Rabbit anti mouse ucp1 antibody

Paraffin-embedded tissue sections in 5-µm thickness were stained with hematoxylin and eosin (H&E) using our standard protocol (Lim et al., 2014 (link); Iwamoto et al., 2015 (link); Seki et al., 2016 (link)). For UCP1 and CD31 staining, the paraffin-embedded tissue sections were incubated with a rabbit anti–mouse UCP1 antibody (1:200; Abcam) and a rat anti–mouse CD31 antibody (1:200), followed by staining with a mixture of secondary antibodies comprising an Alexa Fluor 555–labeled goat anti–rat antibody (1:200; Invitrogen) and an Alexa Fluor 649–labeled goat anti–rabbit antibody (1:400; Jackson ImmunoResearch Laboratories Inc.). Positive signals were captured with a fluorescence microscope equipped with a Nikon DS-QilMC camera. A rat anti–mouse VEGFR1 antibody (1:100 dilution in blocking buffer) was used for incubation at 4°C overnight. A secondary goat anti–rat Alexa 555 antibody (A21434; 1:200 dilution; Invitrogen) in blocking buffer was incubated at room temperature for 1 h. For lipid staining, Oil Red O staining was performed according to the BioVision manual.

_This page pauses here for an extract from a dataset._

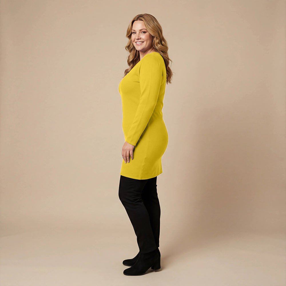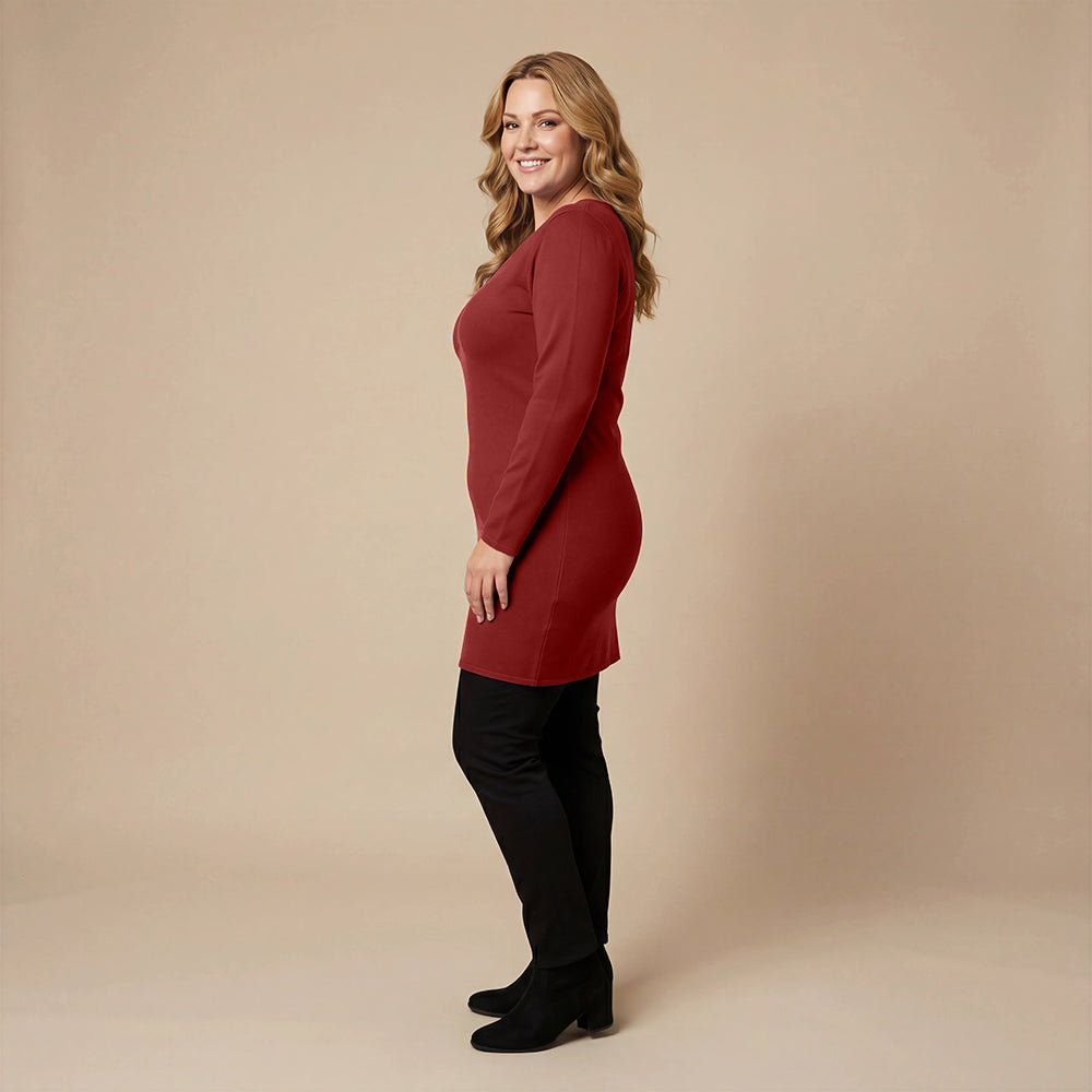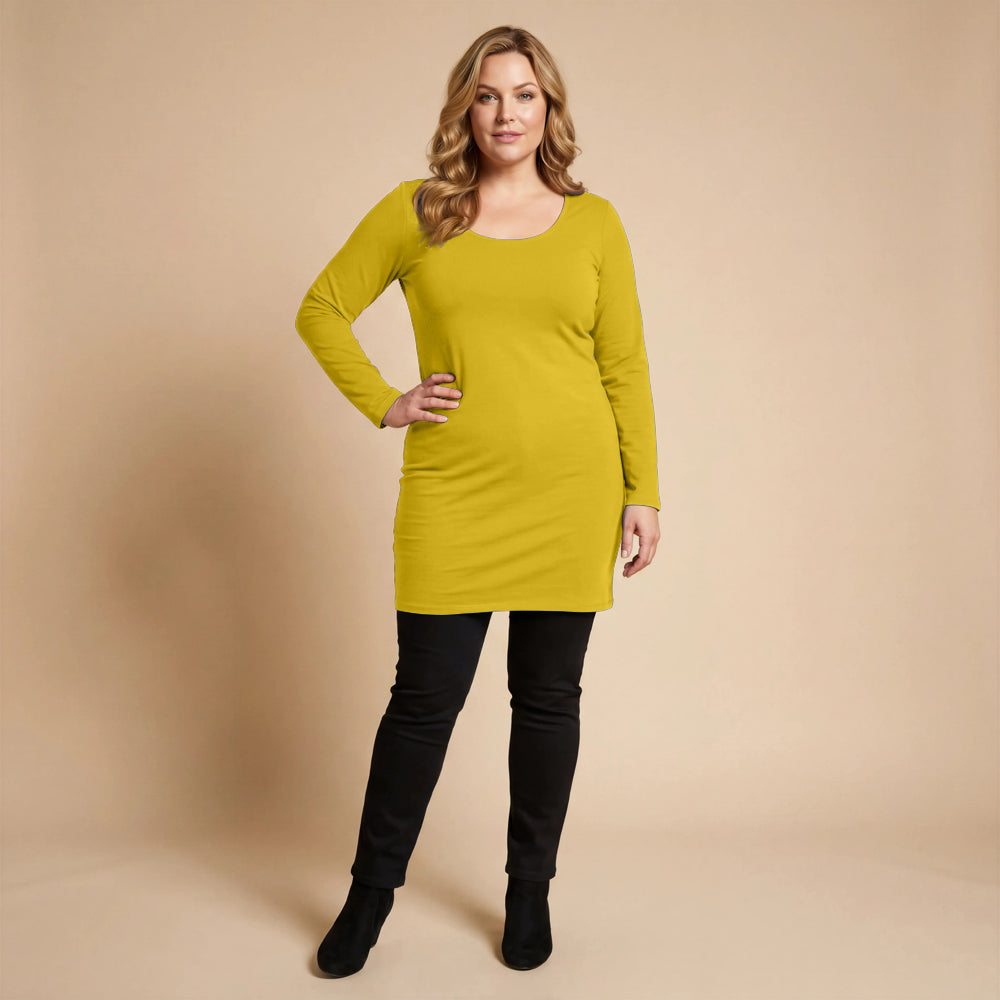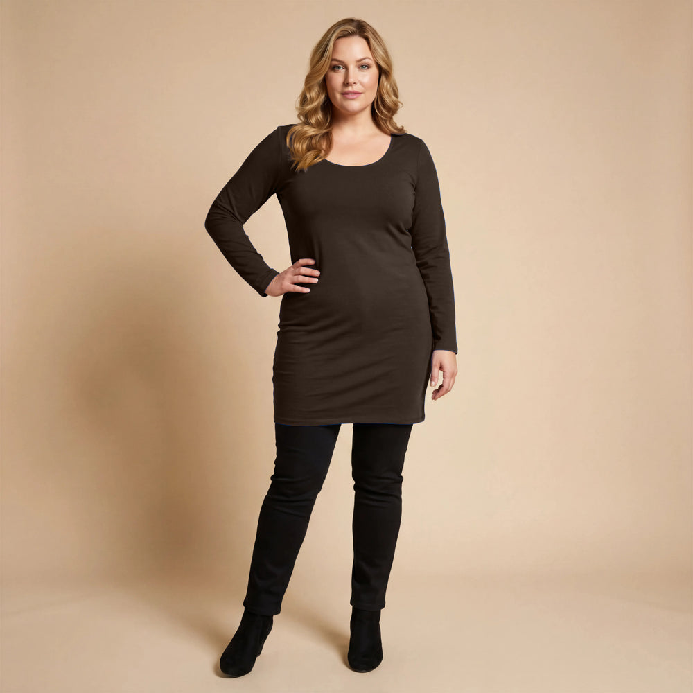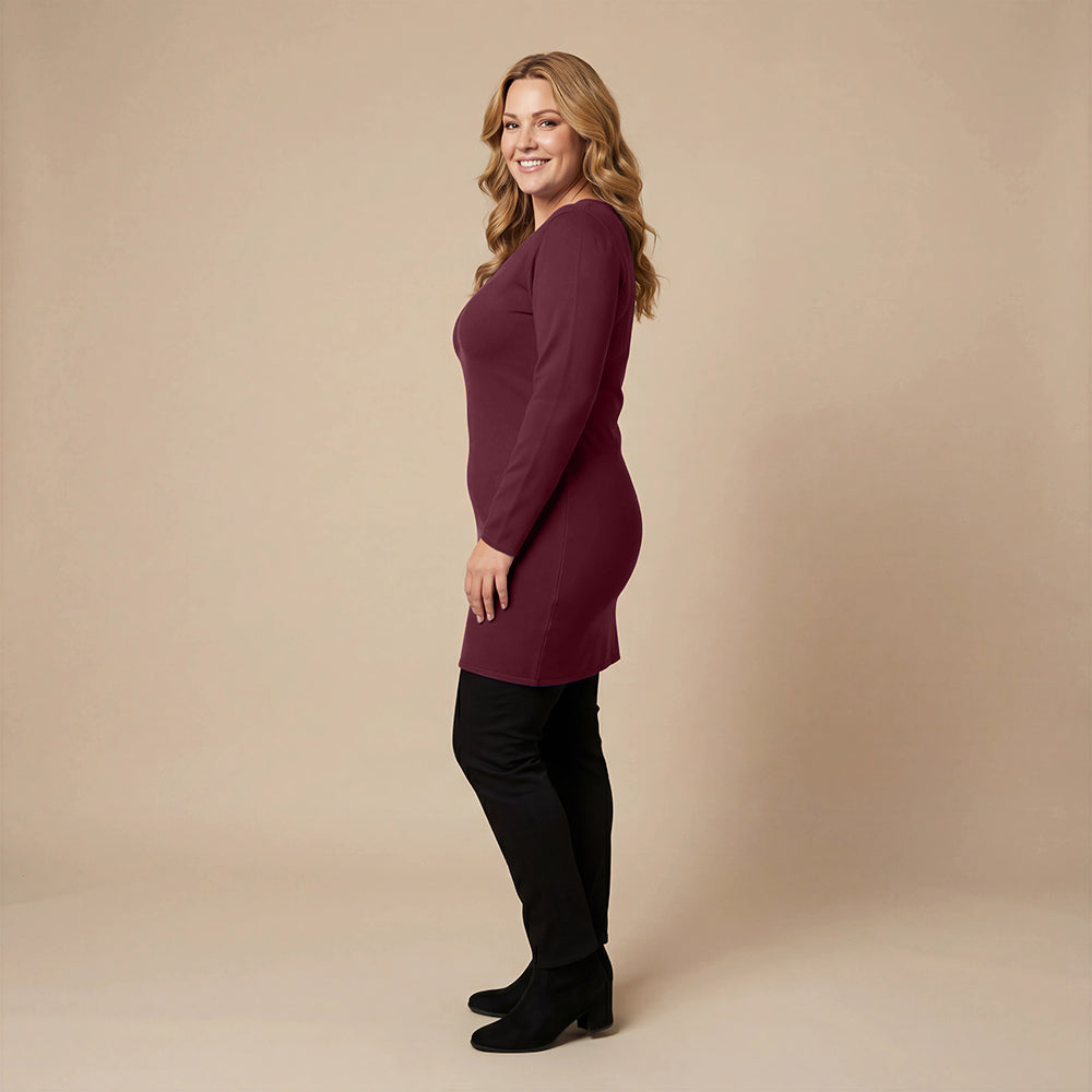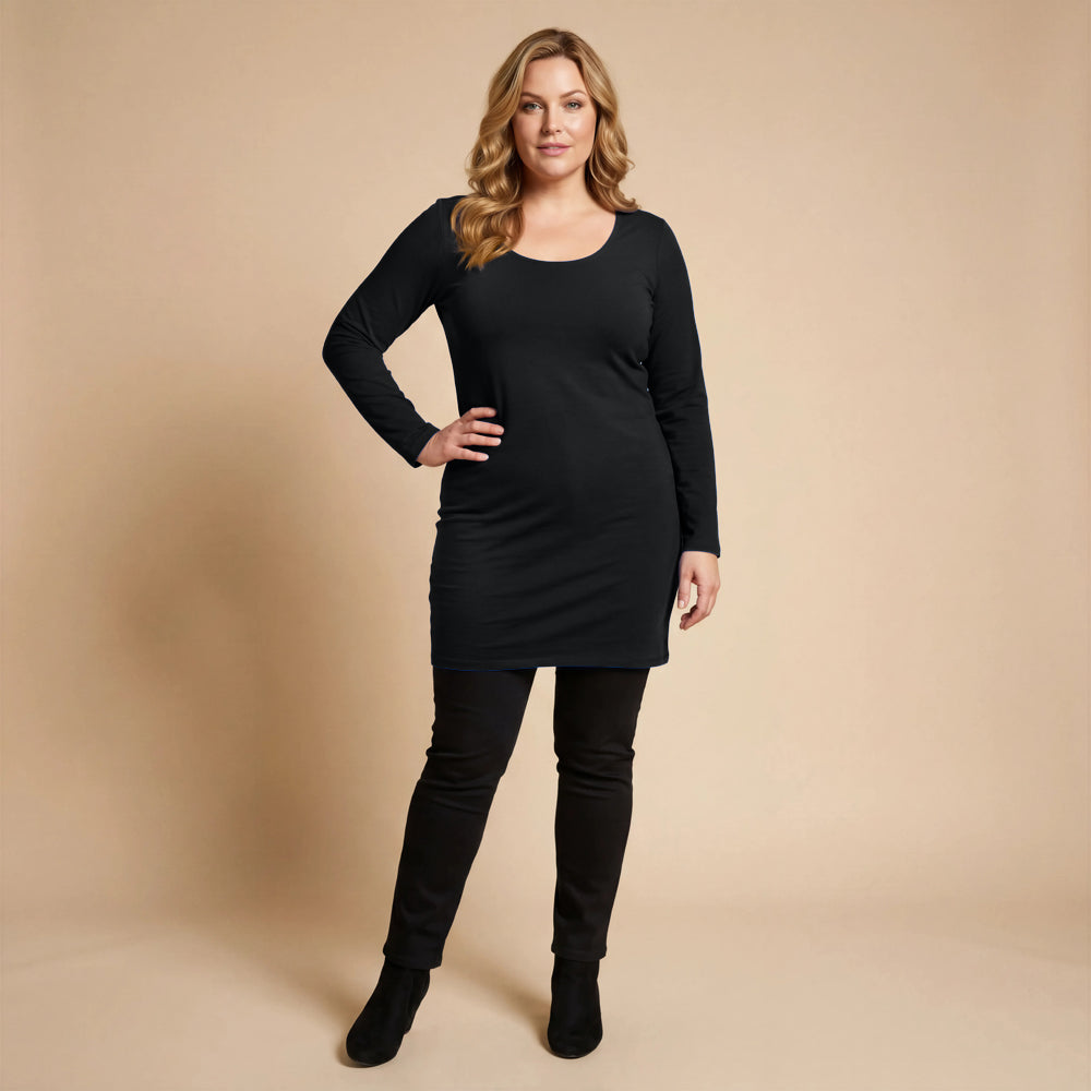 Diese Basic-Tunika von Boris Industries besteht aus robuster, dehnbarer Viskose mit weichem Futter. Der tiefe Rundhalsausschnitt und die langen Ärmel machen sie zu einem bequemen Modell, das allein oder mit Leggings getragen werden kann. Dank der taillierten und dennoch bequemen Passform eignet sie sich auch gut als kurzes Kleid.

In brief, frozen liver sample was fixed with 4% paraformaldehyde for 30 min, washed with 60% isopropanol, and stained at 37°C with Oil Red O (O1391; Sigma-Aldrich) solution for 15 min. Nuclei were counterstained with hematoxylin for 10 min, mounted with glycerol, and examined under a light microscope.